From: Kenneth Whistler (kenw@sybase.com)
Date: Tue Feb 17 2004 - 20:18:12 EST

  • Next message: Kenneth Whistler: "Re: Fwd: Re: (SC2WG2.609) New contribution N2705"

    Peter Kirk pointed out:

    > This is not some kind of unusual orthography but a
    > specialist scientific notation. It is the same notation as h1, h2, h3 or
    > ha, hb, hc etc (the second character subscripted in each case) used in
    > all kinds of notational conventions but primarily mathematical and
    > scientific ones. Some lingustics textbooks are full of this kind of
    > notation. For an example chosen almost at random, I found the following
    > in an old paper by Kenneth Pike (in Ruth M. Brend ed. "Advances in
    > Tagmemics", North-Holland 1974, p.238):
    >
    > (2) eMk = eaTCaf, eaTCgf, egTCaf, egTCgf
    >
    > where all the lower case letters are subscripted, and examples of this
    > in which the word "catch" is followed by subscript af or gf.
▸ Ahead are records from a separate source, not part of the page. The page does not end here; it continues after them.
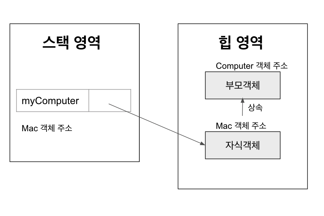위 코드 처럼 상속 관계가 성립되면, 부모 클래스로 선언된 변수를 자식 클래스로 초기화할 수 있다.
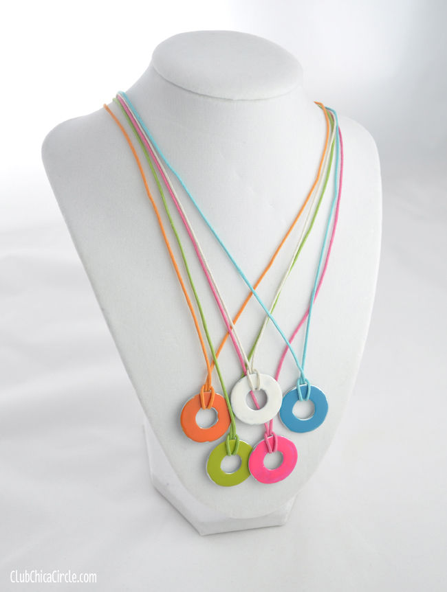 13. Friendship Necklaces: Turn a simple metal washer and some colored nail polish into super cute friendship necklaces. Inspired by the new Disney Super Buddies movie, we has fun (via Club Chica Circle)
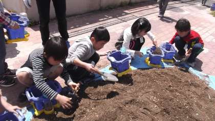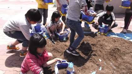 土をいったん出して,混ざった根っこを取り除いて・・・ふわふわの土になりました。
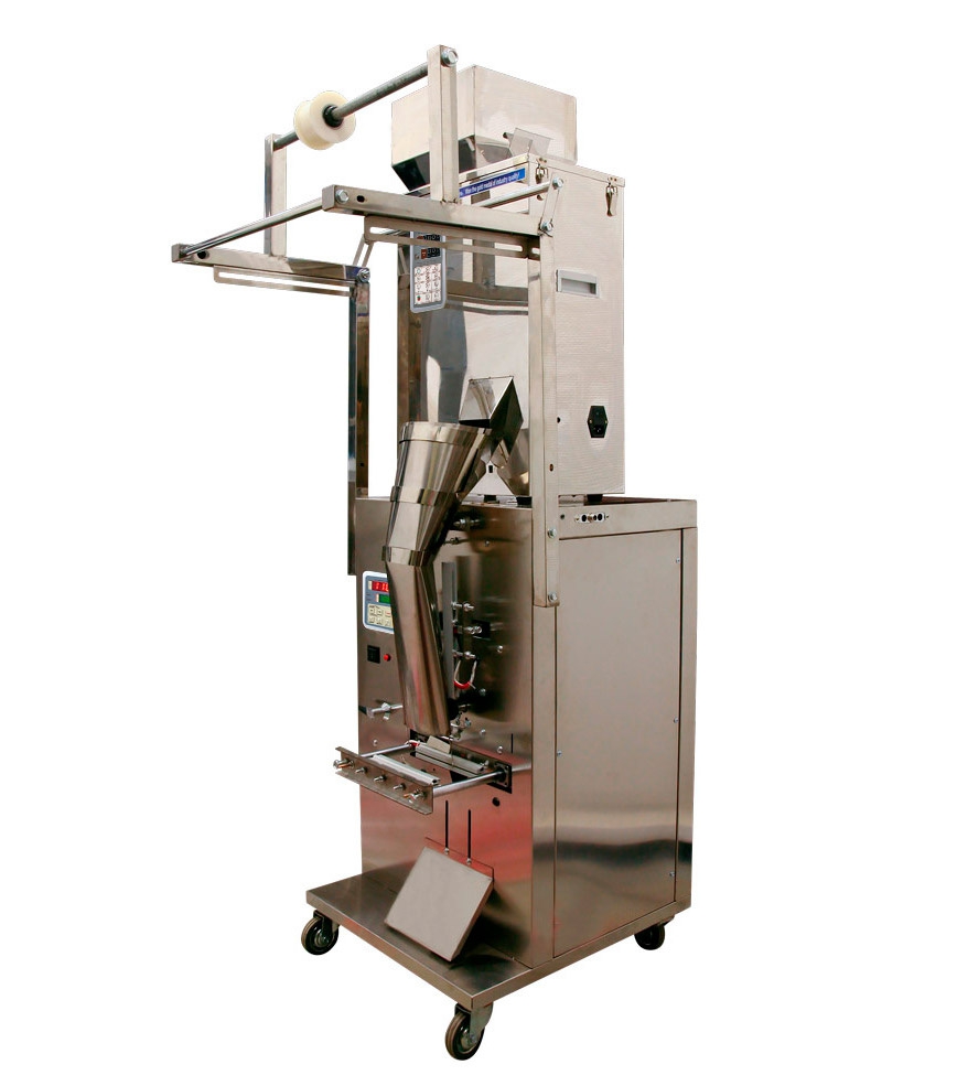 Принцип работы фасовочно-упаковочного автомата MAGIKON AVWB500IIP: оператор засыпает продукт в бункер, дозатор скидывает отмеренную дозу в блок формирования упаковки, где пакет запаивается, обрезается и собирается оператором либо движется далее.
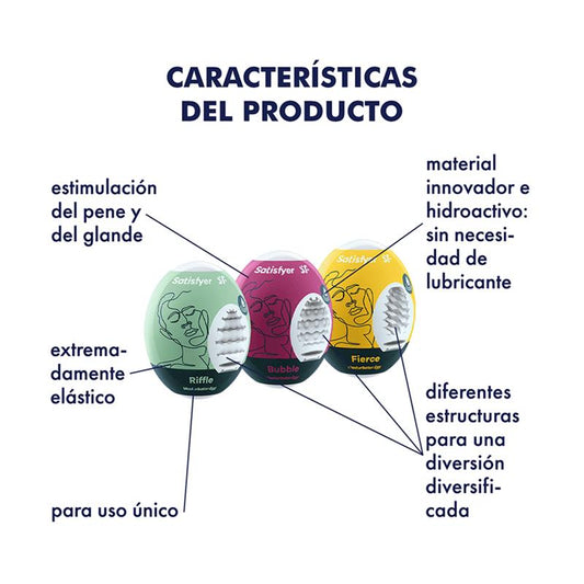 SATISFYER - 3 HUEVOS MASTURBADORES RIFFLE, BUBBLE & FIERCE
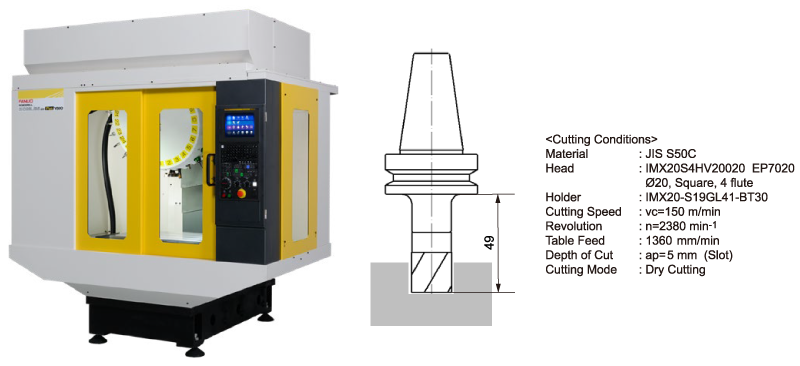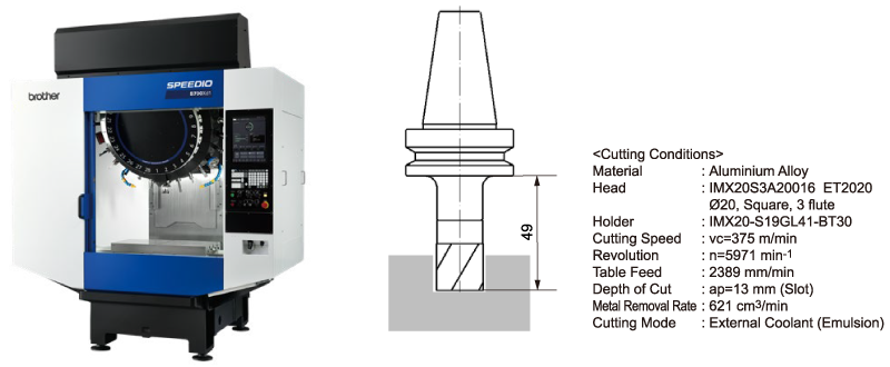 Achieved high efficiency machining with a metal removal rate of 600 mm3/min.
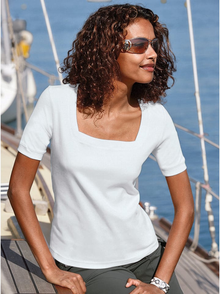 Рубашка со стильным квадратным вырезом в универсальной цветовой гамме.
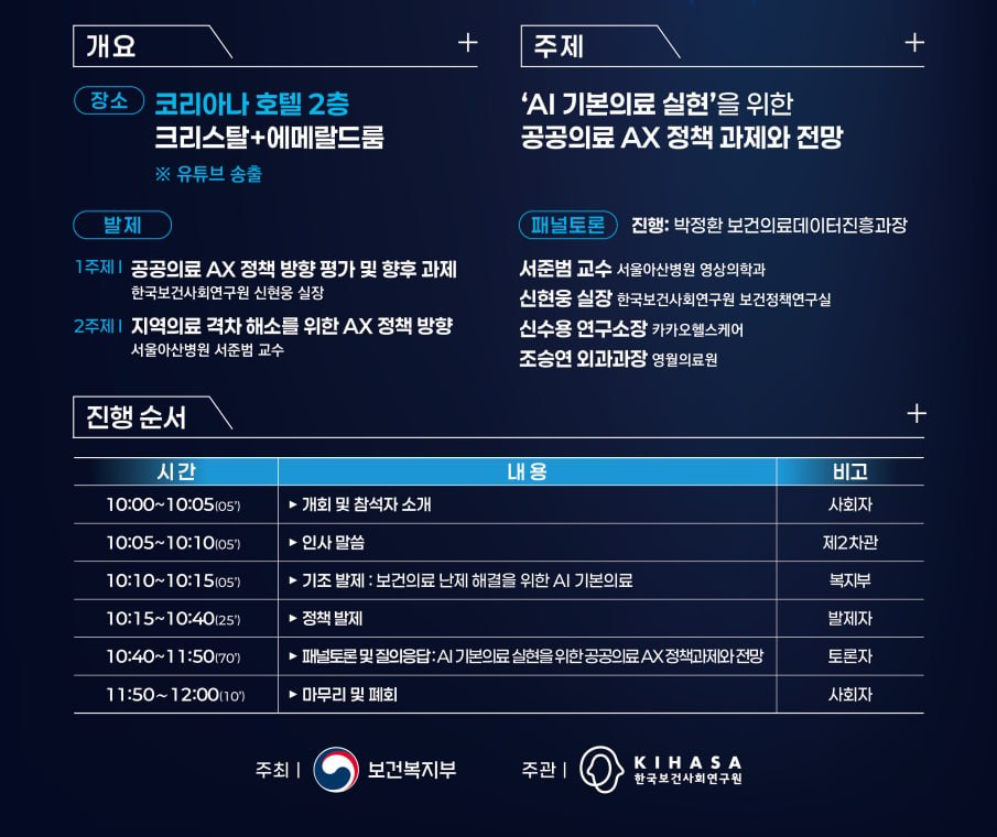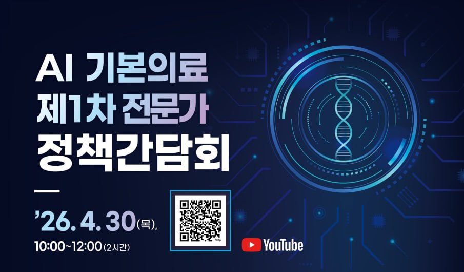 ‘AI 기본의료 실현’을 위한 공공의료 AX 정책 과제와 전망을 공유하고, 보건의료 난제 해결을 위한 디지털 전환(AX)의 구체적인 정책 방향 및 향후 과제 논의하는 인공지능(AI) 기본의료 제1차 전문가 정책간담회를 개최합니다.
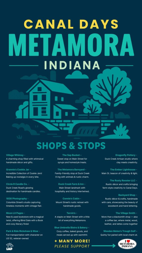 Metamora’s businesses are the heartbeat of the festival. Each one offers something unique — from handmade goods to baked treats. Here are the must-stop shops at Canal Days:
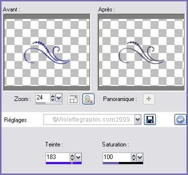 26 - Ouvrir le tube "clarey-diamantedoodles Edition/Copier/Edition/Coller comme nouveau calque Image/Redimensionner à 80%/décocher " tous les calques" Placer sur le côté droit 27 - Réglages/Teinte et Saturation/Coloriser:
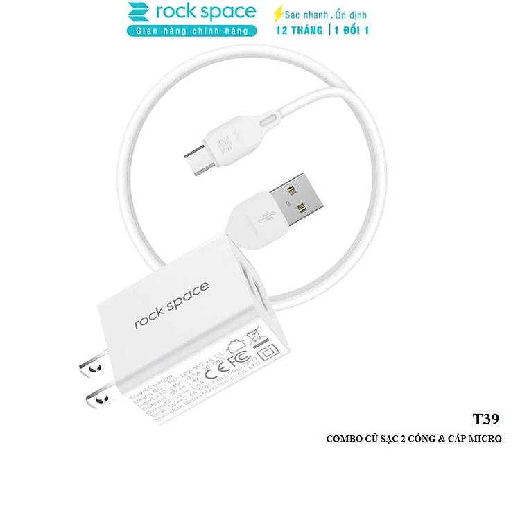 Bộ sạc nhanh Micro Rockspace T39 2 cổng 2,4A + Cáp sạc micro, màu trắng - Hàng chính hãng
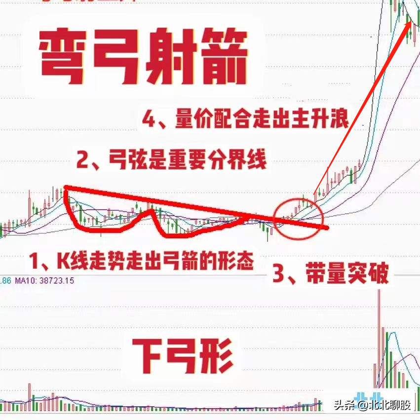 以上就是北北总结的“弯弓射箭”形态的特征以及技术关键点,大家要注意配合量能一起操作,量价配合得越好,后期的反弹幅度会更大。
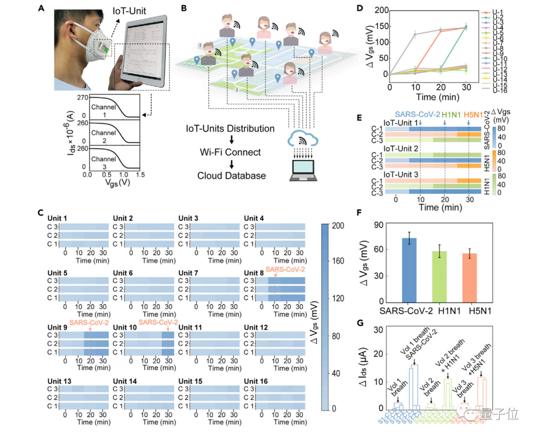 当人们佩戴这样的口罩时,安装在口罩外边的生物电子装置就可以直接分析空气中具备传染性的病毒。

    And I agree with him. The Indo-Europeanist usage is just a
    very restricted subset that fades off, even in historical
    linguistic usage, to general conventions of mathematical
    and logical formulation to express relationships of various sorts.

    Another example in a paper about morphological analysis which
    clearly involves mathematical formulations:

    http://www-2.cs.cmu.edu/~alavie/Sem-MT-wshp/ltai+Segal_paper.pdf

    You could start down the road of thinking that the formulations
    of T<sub>1</sub>, T<sub>2</sub>, and so on should just use
    the compatibility subscript digits in Unicode. Then you hit
    T<sub>i</sub>. Is that actually U+1D62 LATIN SUBSCRIPT SMALL LETTER I
    or just a subscripted U+0069? And then you clearly run out of
    gas when you hit:

         t<sub>nm<sub>n</sub></sub>
         
    with recursive subscripting.

    > My point here is that if we once start on encoding subscript letters
    > used in specialist scientific notation, there is no easy place to stop.
    > Either we need to accept the principle that subscripts are encodable and
    > set aside space for a whole alphabet of them (and an upper case alphabet
    > and a Greek alphabet as well, plus punctuation); or else we need to say
    > from the start that these things are not plain text and should not be
    > encoded in Unicode.

    It may be reasonable for Michael to argue for the subscript a, e, and
    o for Indo-European, since he already got a subscript i and u encoded
    for the UPA. Arguably, the subscript a, e, and o *are* phonetic
    modifier letters, since they represent hypothesized vowel-coloring
    of the laryngeal symbol. The subscript x is trickier, since it
    is an algebraic substitution for (a ~ e ~ o), so we are skating
    on thin ice there, with a notation that is arguably not a
    phonetic modifier letter. And the subscript / is over the edge,
    as far as I am concerned. It clearly is introducing a generic
    notational convention into the realm where we are expecting only
    discrete modifier letters to require encoding as separate
    characters. And if I run into an Indo-Europeanist notation of
    the alternations such as:

    *h<sub>1/3</sub>

    or

    *dhug'hH(<sub>e/o</sub>)ter

    what is to guarantee that I won't find alternative representations
    of such formulations using "~" instead of "/", for example? Do
    we then also need a subscript tilde to handle that?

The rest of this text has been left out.